The **Runtime Pipeline** is the core system responsible for organizing, and replaying streamed character animations in real-time. The pipeline is composed of two components:

- [**RuntimeAnimationGroup**](https://github.com/dlp3d-ai/dlp3d.ai/blob/main/app/library/babylonjs/runtime/animation/runtimeAnimationGroup.ts). Stores both skeletal and facial animations for characters in multiple animation buffers (long idle, local, streamed). 

- [**Runtime**](https://github.com/dlp3d-ai/dlp3d.ai/blob/main/app/library/babylonjs/runtime/runtime.ts). The runtime updates character's audio, motion and face by advancing animation clocks. The built-in motion blending system ensures seamless switch between different animation buffers. Regarding the physics, the runtime synchronizes dynamic bones with skeletal animations.

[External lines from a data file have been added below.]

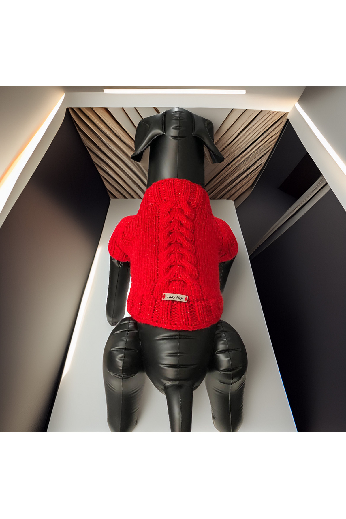 Kedi ve Köpek için Kırmızı Saç Örgülü Kazak Kedi ve Köpek için Kırmızı Saç Örgülü Kazak LF-250 L
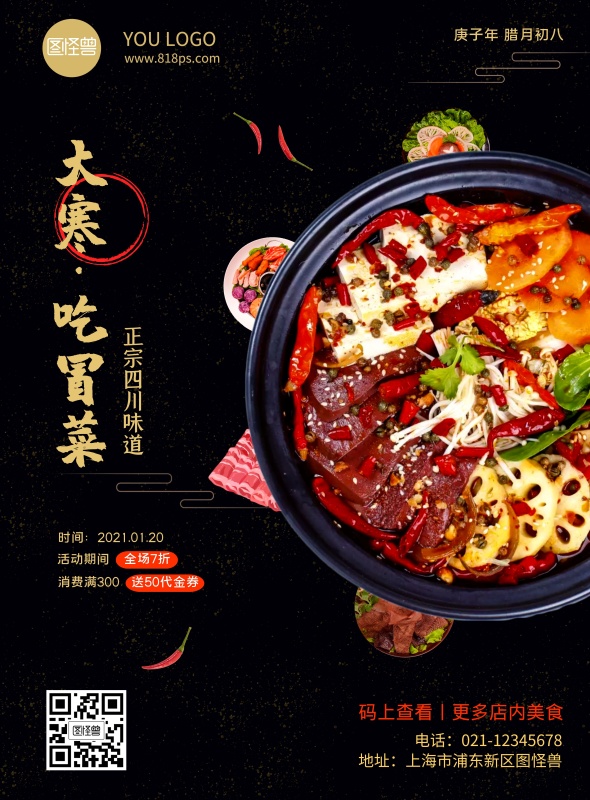 大寒节气冒菜店美食餐饮优惠活动宣传海报
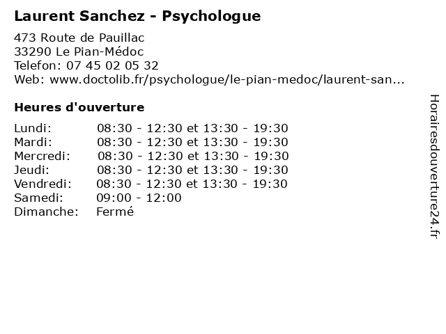 | Mardi | 08:30-12:30 et 13:30-19:30 |
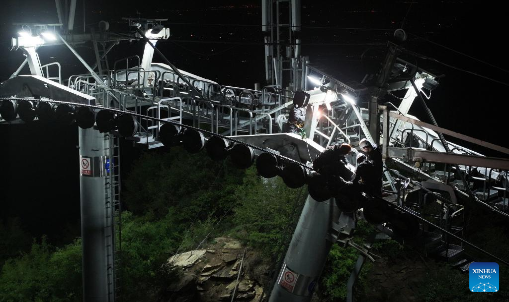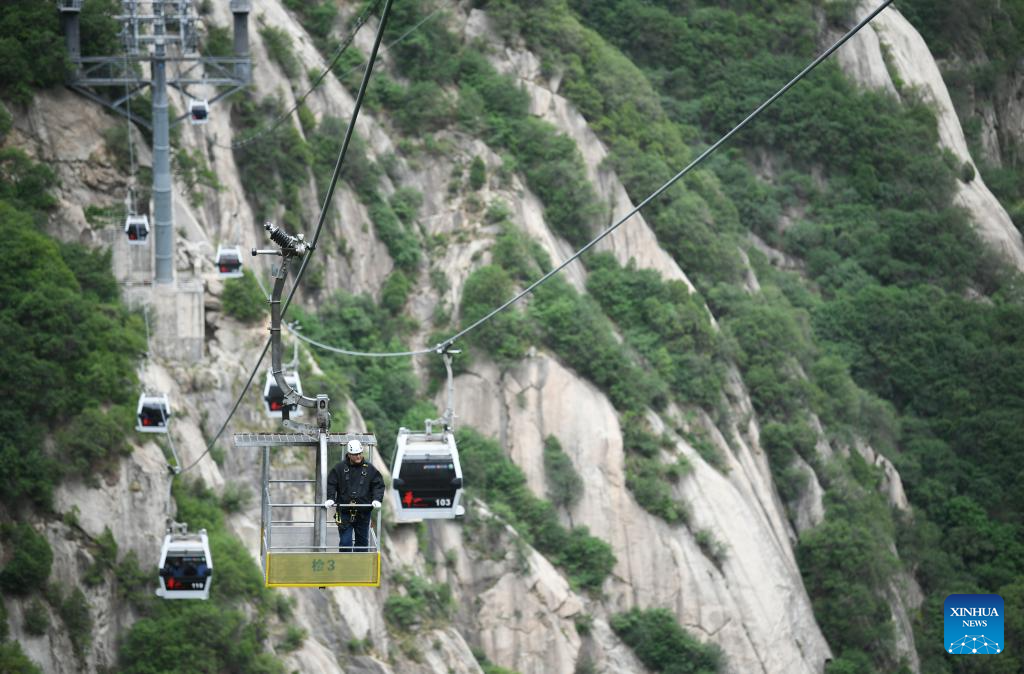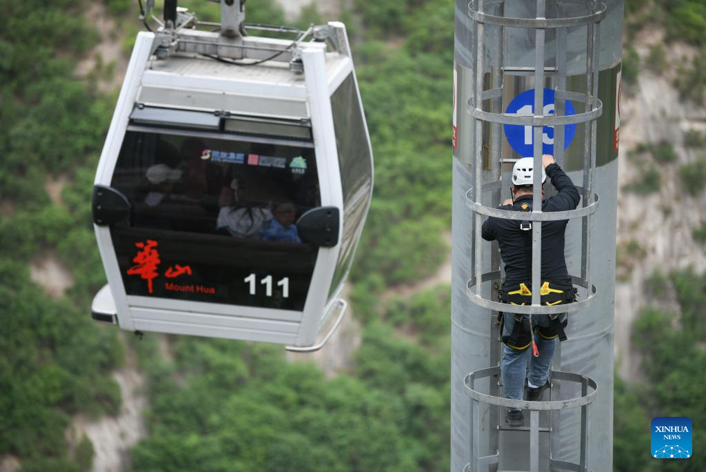 WEINAN, 30 abril, 2025 (Xinhua) -- Imagen del 29 de abril de 2025 de un trabajador de mantenimiento realizando una inspección de rutina en el teleférico turístico en el área escénica de la montaña Huashan, en Weinan, en la provincia de Shaanxi, en el noroeste de China. Con una diferencia de elevación máxima de casi 900 metros, el teleférico turístico de 4.211 metros de longitud de la montaña ha proporcionado una experiencia de viaje única para los turistas y ha ganado popularidad desde su inauguración en 2013. (Xinhua/Zhang Bowen)
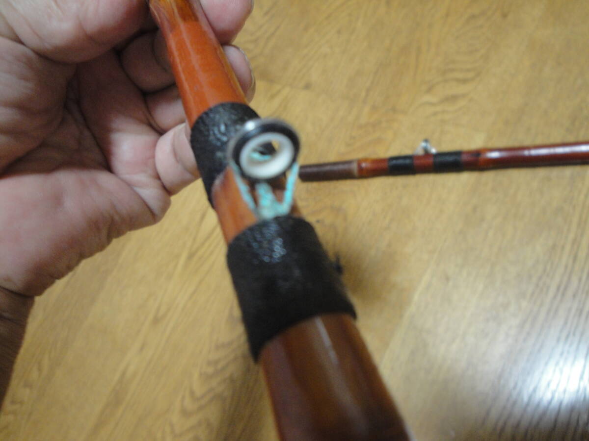 ☆竹竿《船釣り竿(継竿・全長1.86m・継数2)》☆です。1,継竿:継数:2、仕舞寸法:1m、自重:約220g、先径:約2mm、取っ手部径:最大約2.8cm、全長約1.86m(実測値)、無名。写真7・8のように穂先ガイドを含め固定ガイド6個は交換していると思われます。写真9のように固定ガイド部に腐食があります。塗装の剥離・固定糸の傷み等があります。写真で判断願います。あくまでも中古品ですので,新品同様なものをお求めの方・気になさる方のご入札はご遠慮願います。ノークレーム、ノーリターンでお願いいたします。 送料はゆうパック120サイズの料金です。発送は原則週2回です。お手数をおかけしますがご入札の前に、必ずフォローリスト(自己紹介欄)と当該記載内容のご確認をお願いいたします(2日以上連絡がつかないときも,お手数をおかけしますがフォローリスト(自己紹介欄)をご覧の上ご連絡をお願いいたします)。中古品でございますのでノークレームでお願いいたします。問題発生時の対応につきましては、誠意をもって対応させていただきます。メールをいただければ5日程度の取置き(同梱)はOKですのでぜひご利用ください。落札後7日以上連絡が取れないときは自動的にキャンセルさせていただきます。(注)①迅速に対応するため、“「取引ナビ」:取引メッセージ”でお願いいたします。②ゆうパック(着払いの対応はいたしません)ご利用の場合、請求送料は郵便局への持込み割引を含み一切割引の無い料金とさせていただきます(実際の発送料金とは、120円の差があります)。③状態の判断はあくまでの私見ですのでご理解願います。④評価の悪いが5個以上の方、新規の方は、お取引を確実にしていただける旨ご連絡ください。ご連絡のない場合は削除させていただきます。ご入札後のキャンセルはできませんので十分に注意してご入札に参加願います。⑥領収書の発行はできません 。⑦万一、不良品発生時は、誠に申し訳ありませんが実費(ご落札金額、送料、振込手数料)のみにて対応をさせていただきます。⑧万一、落札品が欠品の場合は、誠に申し訳ありませんが実費(送金額、送料、振込手数料)のみにて対応させていただきます。【必ず自己紹介をお読みください。対応や発送できない期間などご案内しております】

### FSM (Finite State Machine)

The brain of the 3DAC system, governing the entire chat lifecycle and ensuring consistent behavior across all system states. It defines a series of states and manages state transitions throughout the system. The FSM uses a condition-based event queue to process external events such as user interactions, network events. It's core responsibilities include: character loading, asset download, stream lifecycle management, animation playback coordination with runtime pipeline, error handling and recovery. For more details, please refer to [Finite State Machine](fsm.md)

### Asset Manager

The [asset manager](https://github.com/dlp3d-ai/dlp3d.ai/blob/main/app/library/babylonjs/runtime/asset/assetManager.ts) is responsible for requesting assets from the backend services and converting them into runtime-ready data structures, which leverages the browser's *IndexedDB* to efficiently cache reusable resources (such as idle animations, audio clips, and character models), avoiding redundant network requests and minimizing loading time. Static assets like motion files are downloaded via the [motion file client](https://github.com/dlp3d-ai/dlp3d.ai/blob/main/app/library/babylonjs/runtime/asset/motionFileClient.ts). Assets that may varies with the user settings, e.g., audio is determined by the TTS choice, are generated using the orchestrator client.

### Character

The module for managing 3D character models, animations, and physics. Each character is converted from raw MMD to *glTF* format for web compatibility. A character has the following core components:

- **RuntimeAnimationGroup**: Stores multiple animation buffers(long idle, local, streamed) that contains skeletal and facial animations
- **DynamicBoneSolver**: Handles cloth and hair physics simulation
- **Meshes & Skeletons**: mesh data and bone hierarchy
- **Relationship & Emotion**: Tracks relationship stage with user and character emotional states
- **EyeTrackingController**: Constrains eye joints to naturally gaze toward the user

### GUI

Manages GUI elements within the chat. The audio controls is used to determine whether the user is talking to the character. When the stream data is exhausted, the GUI system will give visual feedback indicating that the stream is in recovery status. The character's emotional change, as well as the relationship with the user, will also be displayed in an interactive manner.

### Physics

This delivers dynamic and physically plausible deformations to garments, hair, and accessories during real-time interactions. For dynamics, 6DOF constraints are added to the connected bones. For collisions, dynamic bones and rigid bodies are presented as SDF shapes(e.g., box, sphere, capsule). Hence, we can efficiently handle collisions without notable computational overhead. All constraints are stored as physics metadata and will be downloaded with the character model together.